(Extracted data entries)

——

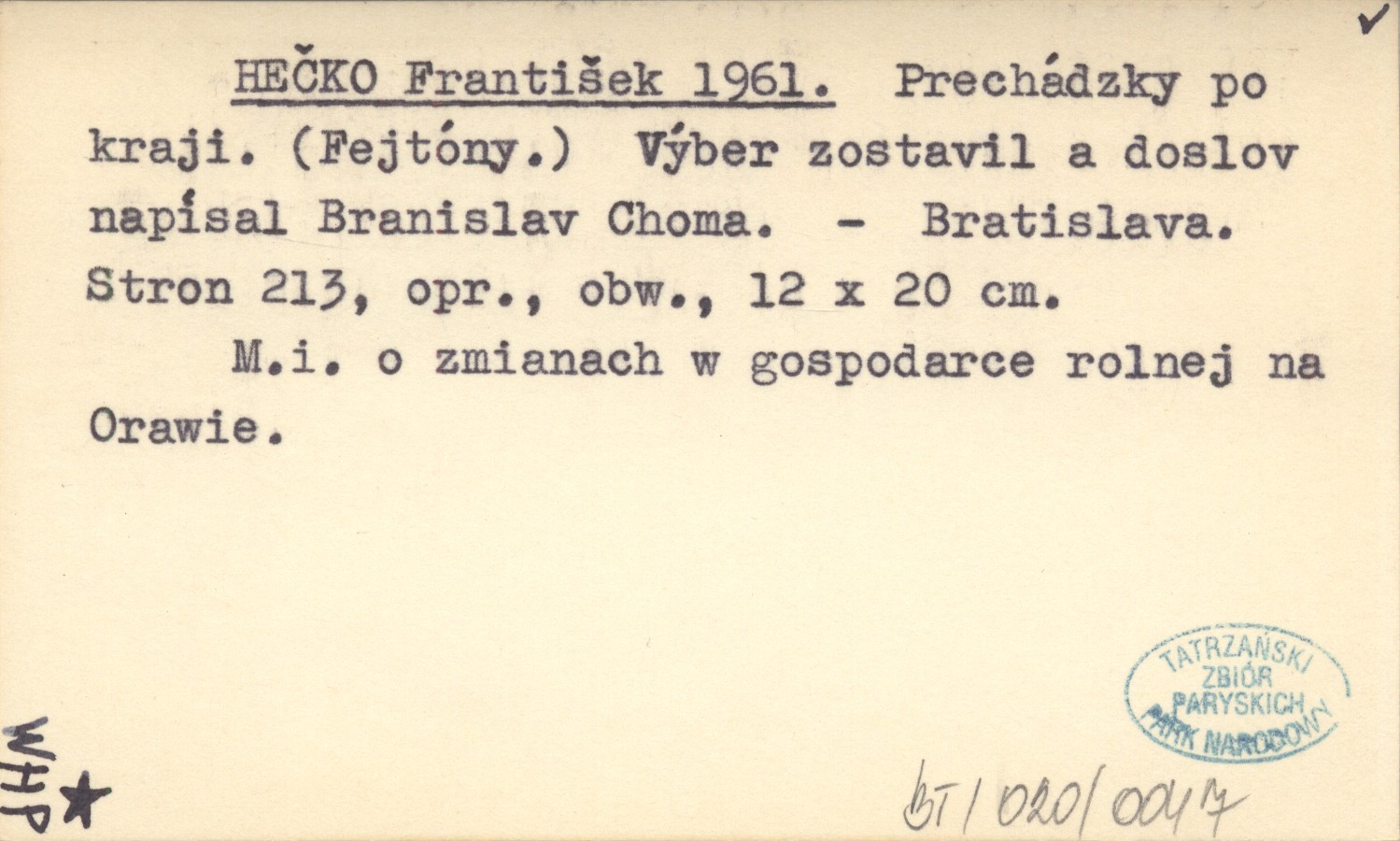HEČKO František 1961 Prechádzky po kraji. (Fejtóny). Výber zostavil a doslo napísal Branislav Choma.
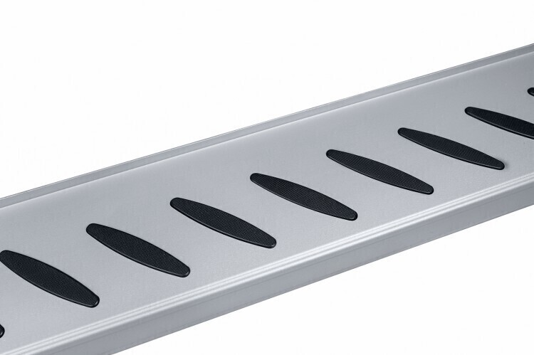 Корпус порогов изготовлен из высококачественного анодированного алюминия, торцевые элементы выполнены из температуроустойчивого эластичного пластика.
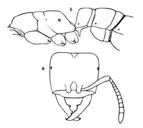 Keywords: Amblyopone.ferruginea.-.wheeler.svg Amblyopone ferruginea worker from New South Wales a head dorsal view; b thorax petiole and postpetiole in profile Wheeler 1927 Ants of the genus Amblyopone Erichson Proc Am Acad Arts Sci 62 1-29 http //research amnh org/entomology/social_insects/ants/publications/3386/3386 pdf PDF 1927 W M Wheeler pd-old PD-old Drawings of animals by William Morton Wheeler Drawings of ants |
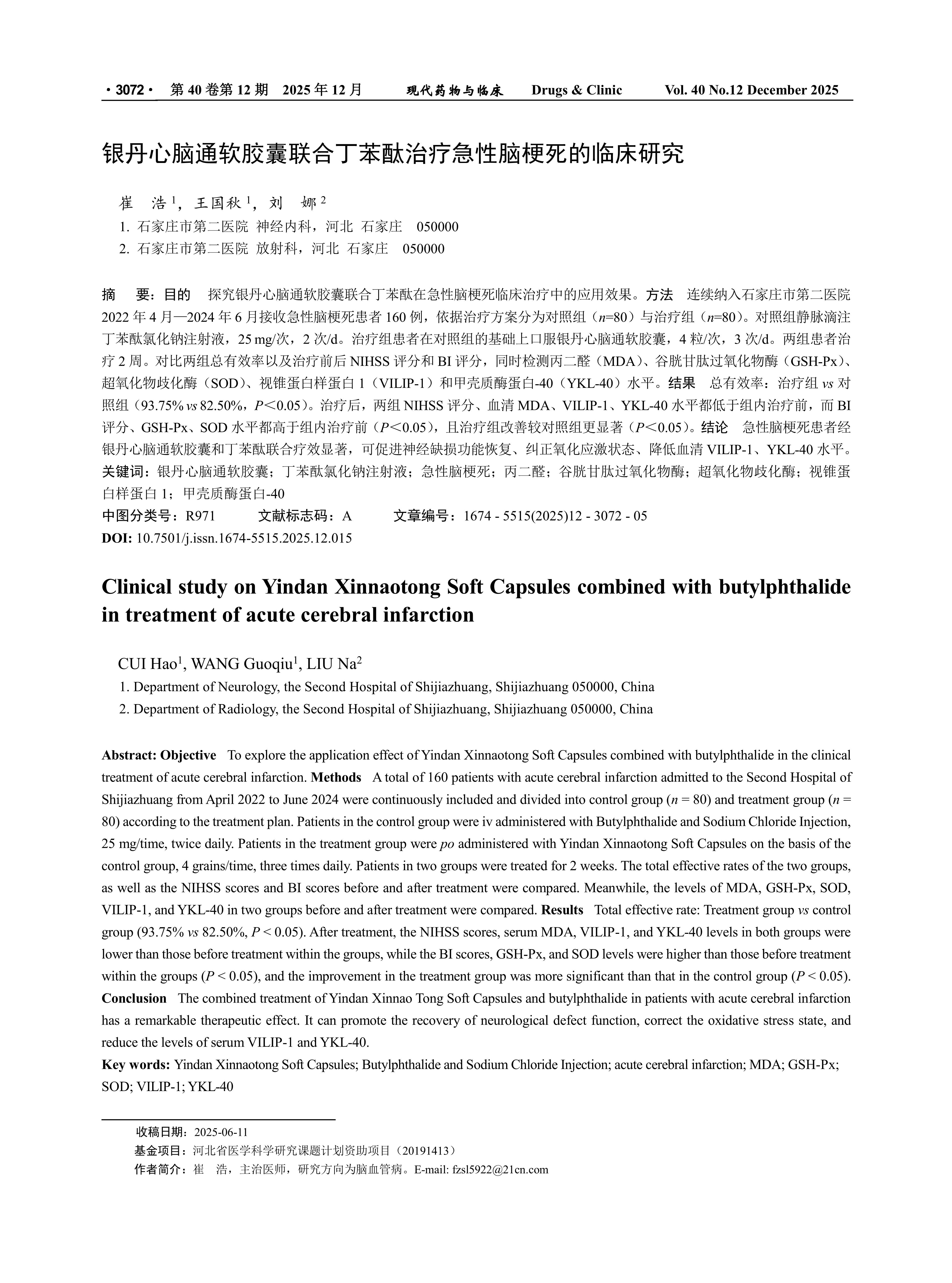 Objective To explore the application effect of Yindan Xinnaotong Soft Capsules combined with butylphthalide in the clinical treatment of acute cerebral infarction. Methods A total of 160 patients with acute cerebral infarction admitted to the Second Hospital of Shijiazhuang from April 2022 to June 2024 were continuously included and divided into control group (n = 80) and treatment group (n = 80) according to the treatment plan. Patients in the control group were iv administered with Butylphthalide and Sodium Chloride Injection, 25 mg/time, twice daily. Patients in the treatment group were po administered with Yindan Xinnaotong Soft Capsules on the basis of the control group, 4 grains/time, three times daily. Patients in two groups were treated for 2 weeks. The total effective rates of the two groups, as well as the NIHSS scores and BI scores before and after treatment were compared. Meanwhile, the levels of MDA, GSH-Px, SOD, VILIP-1, and YKL-40 in two groups before and after treatment were compared. Results Total effective rate: Treatment group vs control group (93.75% vs 82.50%, P < 0.05). After treatment, the NIHSS scores, serum MDA, VILIP-1, and YKL-40 levels in both groups were lower than those before treatment within the groups, while the BI scores, GSH-Px, and SOD levels were higher than those before treatment within the groups (P < 0.05), and the improvement in the treatment group was more significant than that in the control group (P < 0.05). Conclusion The combined treatment of Yindan Xinnao Tong Soft Capsules and butylphthalide in patients with acute cerebral infarction has a remarkable therapeutic effect. It can promote the recovery of neurological defect function, correct the oxidative stress state, and reduce the levels of serum VILIP-1 and YKL-40.
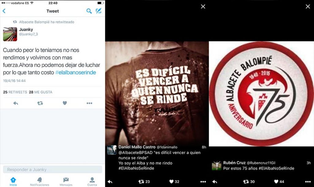 Jugadores como Dani Mallo o Rubén Cruz e integrantes del cuerpo técnico como Juanky se han sumado a la campaña #ElAlbaNoSeRinde iniciada en Twitter, con la que el equipo pide el apoyo de la afición este sábado, para la finalísima contra el Girona. Qué nadie se rinda, que todavía es posible.
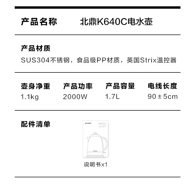 商品名称:北鼎(Buydeem)304不锈钢家用电水壶 1.7L K640C

——

WHAT THIS TASK INVOLVES ::
Whatever pictures the entries contain, omit them, and write the rest out exactly.

TASK RESPONSE ::
HEČKO František 1961 Prechádzky po kraji. (Fejtóny). Výber zostavil a doslo napísal Branislav Choma.
 Корпус порогов изготовлен из высококачественного анодированного алюминия, торцевые элементы выполнены из температуроустойчивого эластичного пластика.
 Keywords: Amblyopone.ferruginea.-.wheeler.svg Amblyopone ferruginea worker from New South Wales a head dorsal view; b thorax petiole and postpetiole in profile Wheeler 1927 Ants of the genus Amblyopone Erichson Proc Am Acad Arts Sci 62 1-29 http //research amnh org/entomology/social_insects/ants/publications/3386/3386 pdf PDF 1927 W M Wheeler pd-old PD-old Drawings of animals by William Morton Wheeler Drawings of ants |
 Objective To explore the application effect of Yindan Xinnaotong Soft Capsules combined with butylphthalide in the clinical treatment of acute cerebral infarction. Methods A total of 160 patients with acute cerebral infarction admitted to the Second Hospital of Shijiazhuang from April 2022 to June 2024 were continuously included and divided into control group (n = 80) and treatment group (n = 80) according to the treatment plan. Patients in the control group were iv administered with Butylphthalide and Sodium Chloride Injection, 25 mg/time, twice daily. Patients in the treatment group were po administered with Yindan Xinnaotong Soft Capsules on the basis of the control group, 4 grains/time, three times daily. Patients in two groups were treated for 2 weeks. The total effective rates of the two groups, as well as the NIHSS scores and BI scores before and after treatment were compared. Meanwhile, the levels of MDA, GSH-Px, SOD, VILIP-1, and YKL-40 in two groups before and after treatment were compared. Results Total effective rate: Treatment group vs control group (93.75% vs 82.50%, P < 0.05). After treatment, the NIHSS scores, serum MDA, VILIP-1, and YKL-40 levels in both groups were lower than those before treatment within the groups, while the BI scores, GSH-Px, and SOD levels were higher than those before treatment within the groups (P < 0.05), and the improvement in the treatment group was more significant than that in the control group (P < 0.05). Conclusion The combined treatment of Yindan Xinnao Tong Soft Capsules and butylphthalide in patients with acute cerebral infarction has a remarkable therapeutic effect. It can promote the recovery of neurological defect function, correct the oxidative stress state, and reduce the levels of serum VILIP-1 and YKL-40.
 Jugadores como Dani Mallo o Rubén Cruz e integrantes del cuerpo técnico como Juanky se han sumado a la campaña #ElAlbaNoSeRinde iniciada en Twitter, con la que el equipo pide el apoyo de la afición este sábado, para la finalísima contra el Girona. Qué nadie se rinda, que todavía es posible.
 商品名称:北鼎(Buydeem)304不锈钢家用电水壶 1.7L K640C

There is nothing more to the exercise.